As the pan is manufactured by Nordic Ware, it is made of heavy duty cast aluminum and the pan is thick and durable enough to allow you to fill only the cavities that you want to use if you do want to make a matching set (just remove the cakes and allow pan to cool before refilling, if you’re not going to use all the shapes at once). The pan also has a nonstick coating that should make the cakes easy to remove. I’ve generally had very good results with the release even on very detailed pans from Nordic Ware, so the designs on the cakelets should come out clearly and make the little cakes easy to decorate.

Spider-Man Comic Book Cookie Cutters

Comic Book Cookies
I haven’t had the urge to make my own comic book in some time – but I will admit that as a kid I spent countless hours (usually on family trips) illustrating my own comic series in journals and notebooks. I actually preferred to make my own rather than read other people’s comics, though looking back I would put money on the fact that my stories, given that I was still in grade school, were far from anything that would have attracted a group of fans at Comic-Con. When I saw a display set up with these Spider-Man Comic Book Cookie Cutters at Williams Sonoma, I was intrigued because of the level of detail on the cookies. But the cookie cutter set has an ingenious design that allows you to make your own comic books (well, the covers at least) on a cookie canvas in your own kitchen.
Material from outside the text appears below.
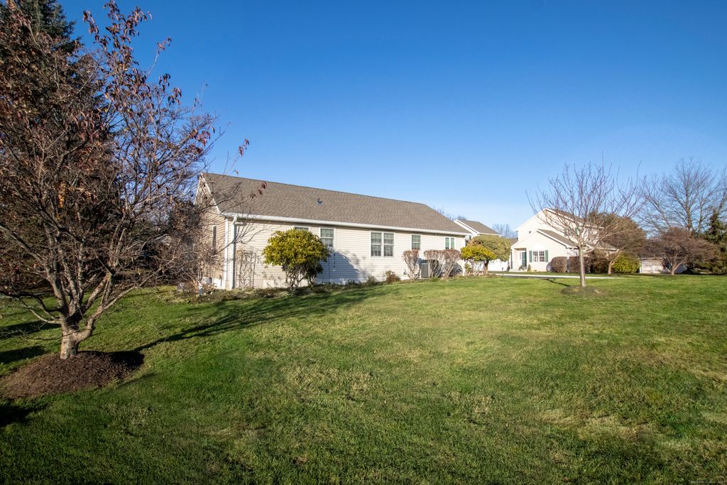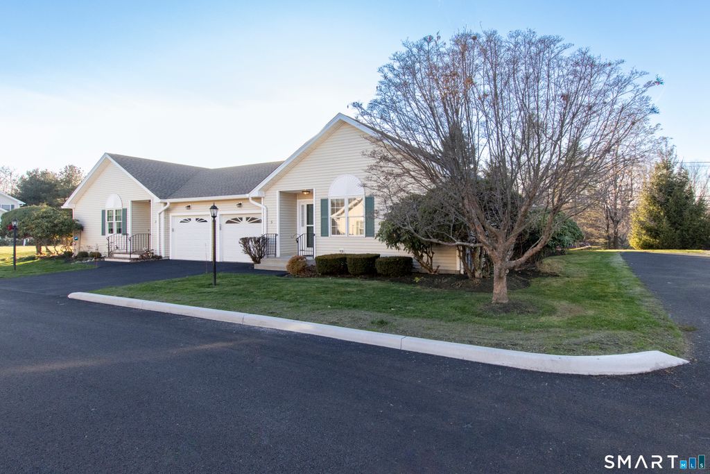 This gorgeous, sun-splashed end-unit ranch in Trumbull's sought-after 55+ Long Hill Village offers beauty, convenience, and easy, low-maintenance living! Features include an updated kitchen with quartz counters, minimal-step entry one-level living, 2 fully updated baths, vaulted ceilings, hardwood floors throughout, and a huge, full basement for all your storage needs. The spacious dining room living room combination features a gas-operated fireplace, vaulted ceilings, and access to a sunny composite deck (furniture and accessories included) overlooking the private, grassy yard. This home is ideal for downsizing without sacrificing space or lifestyle. The gorgeous eat-in kitchen with hardwood floors features ample upgraded cabinetry and space for a breakfast table. The primary suite includes a walk-in closet and a full bath with a step-in shower, while the second bathroom offers a tub/shower combo. Both baths feature granite-topped vanities. A main-level laundry area and the direct garage access add everyday ease. Enjoy peace of mind with a newer roof, driveway, central air, and efficient natural gas heat. A beautifully landscaped exterior surrounds the home, adding charm and curb appeal. Just a few doors away, the clubhouse features a full kitchen, seating tables, and hosts resident events and clubs, as well as a terrific space where owners can reserve the hall to host their own private parties.

The cookie cutter set comes with a double sided rectangular cutter, that both cuts out the shape of the comics and stamps the cut-out with an authentic logo that says “The Amazing Spiderman.” It also comes with a variety of spidey-shapes – from villains to speech bubbles – that you can use to customize your covers by stamping them into the frame. Be sure to use a good butter cookie dough so that the dough doesn’t spread out during baking (this Best Butter Cookie recipe works well, and I add a few tablespoons of extra flour for a drier dough that really holds its shape), or you’ll loose a little clarity on the design. If you don’t want all Spiderman cookies, use other cookie cutters as stamps and keep the speech bubble stamps to keep the comic look. Once the cookies are cool, you can decorate them.

I suspect that these comics also have a big advantage over those I drew as a kid. Not only are the designs sharp and professional looking, but they’re edible and should be very tasty, too. Decorating might take a little practice, but small icing tips, a steady hand and a little patience will help your comic books come out looking like the real deal.